Their opposition is revived by Don Primo, the second of the mysterious men from Queens dedicated to aiding Carmine and his friends in their quest to find the true rock on which to build their lives. Don Primo announces that he has decided to take seriously a central joke of the Birthday of Rome party, his candidacy for the Presidency of the United States. A variety of wild mishaps give this candidacy an absurd plausibility. But Don Primo’s only goal is that of exposing American Pluralism for what it really is: an attack on human life at its very core; one that works by exiling all meaningful thought, spirit, and action to the “periphery” of existence.
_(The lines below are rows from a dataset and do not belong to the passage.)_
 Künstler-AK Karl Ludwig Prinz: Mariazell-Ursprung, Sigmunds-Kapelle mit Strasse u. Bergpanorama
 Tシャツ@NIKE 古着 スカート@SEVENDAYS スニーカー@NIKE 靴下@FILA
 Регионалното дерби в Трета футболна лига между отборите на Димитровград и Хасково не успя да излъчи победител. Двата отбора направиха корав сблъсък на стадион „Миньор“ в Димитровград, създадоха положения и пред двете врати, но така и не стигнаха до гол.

Carmine and his friends are dragged, unwillingly, into the campaign, only to that see it, too, ends by being highjacked into serving the purposes of what they all call “the Regime”. It is at that moment, that Carmine realizes what Pluralism actually is: demonic.
The book ends with Don Primo having set off a tumult in the United States and the world at large. This tumult convinces Carmine and his friends that an historical Decision Time of drastic significance has been reached, compelling them to make a choice either for Life or for Pluralism. Their decision commits them to a fight to the death against the demonic force that has devastated their world. Unsure as to the exact nature of their role in this battle, but aware that it involves an infinitely deeper acceptance of the teachings of their Faith and their Reason, they await, in hope, further enlightenment from the Christian God.
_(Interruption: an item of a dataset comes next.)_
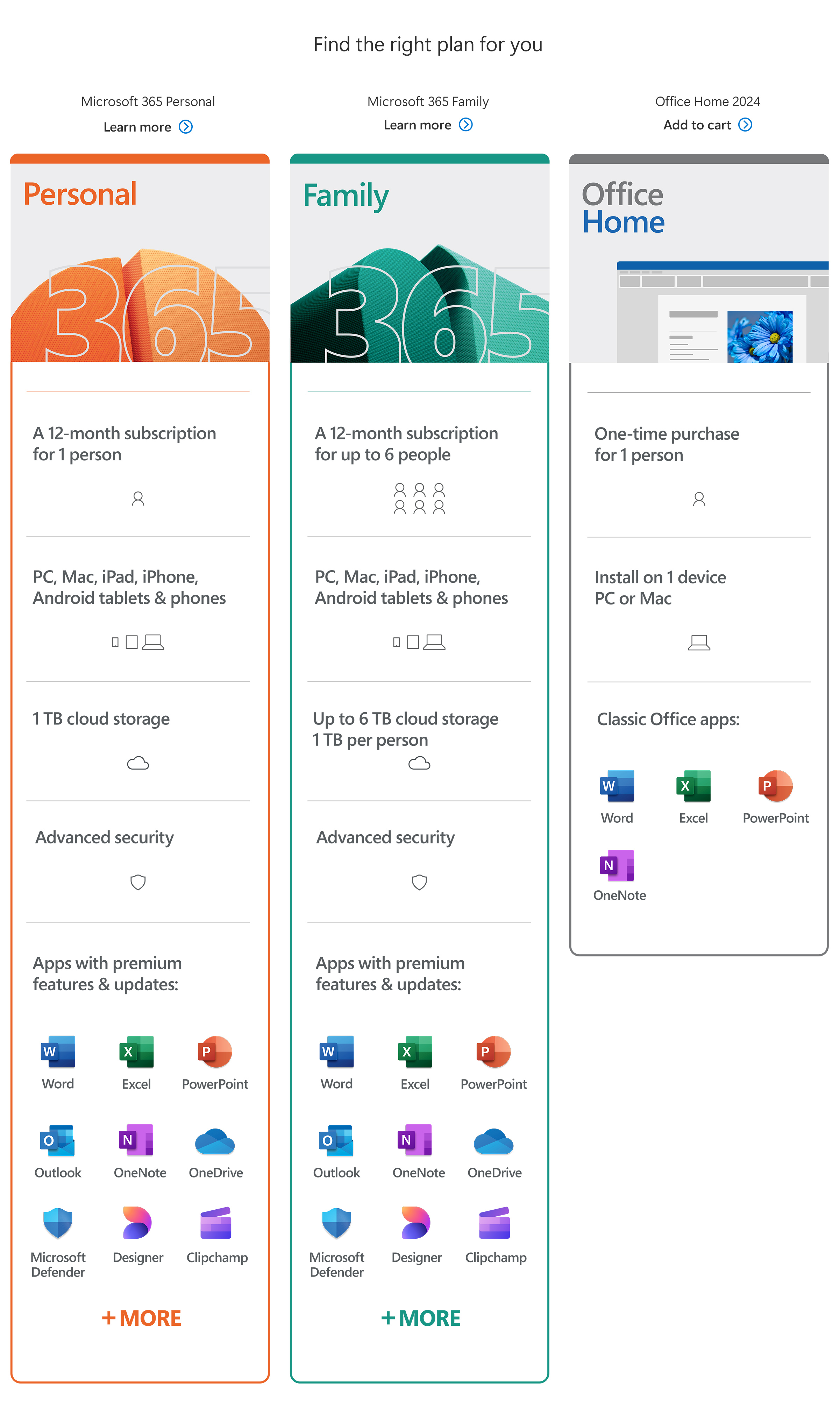 Classic 2024 desktop versions of Word, Excel, PowerPoint, and OneNote

BOOK ONE: ON THE PERIPHERY
Chapter One: An Exile Finds A Home
“Misled!”, the Dean lamented. “Haven’t you noticed? People are constantly misled by superficial judgments. Even you may have leaped to the conclusion that Periphery is not at the center of things. And yet our location impacts well on the demographic unit definitized as focal by the Student Attraction Program inputted by The Team over at Hormone Hall.”
He pointed in the direction of a needle-shaped structure recently donated by an alumnus of the Department of Pharmaceutical Studies enriched from the sale of tattoo-inducing enzymes.
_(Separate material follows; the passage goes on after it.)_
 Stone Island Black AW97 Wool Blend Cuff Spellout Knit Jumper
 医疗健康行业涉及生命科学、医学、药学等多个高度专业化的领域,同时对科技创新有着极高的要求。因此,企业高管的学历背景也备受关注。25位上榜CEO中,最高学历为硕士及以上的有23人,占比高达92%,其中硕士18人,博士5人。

“Besides”, he added, “you’re not likely to pursue domiciling in town after a couple of weeks at Periphery. You’ll want to be with us constantly. We’re a community here. Noah’s Ark! All for one and one for all. We’re a place where you grow. As a person. But not just that! Fun? Forget about it! Never ends! And look at it from this angle. Until you move, you’ll have Lady Liberty in the harbor to inspire your commute.”
A secretary interrupted the Dean’s monologue. Signatures were needed on a dozen sheets of what appeared to be estimates for the annual budget.
“WEFMUR”, the Dean grunted, by way of explanation for the disturbance. “Weekly Faculty Mail Use Reports.”
The secretary fled. She, like everyone else in the building had a multi-colored tattoo on the reverse of her right hand.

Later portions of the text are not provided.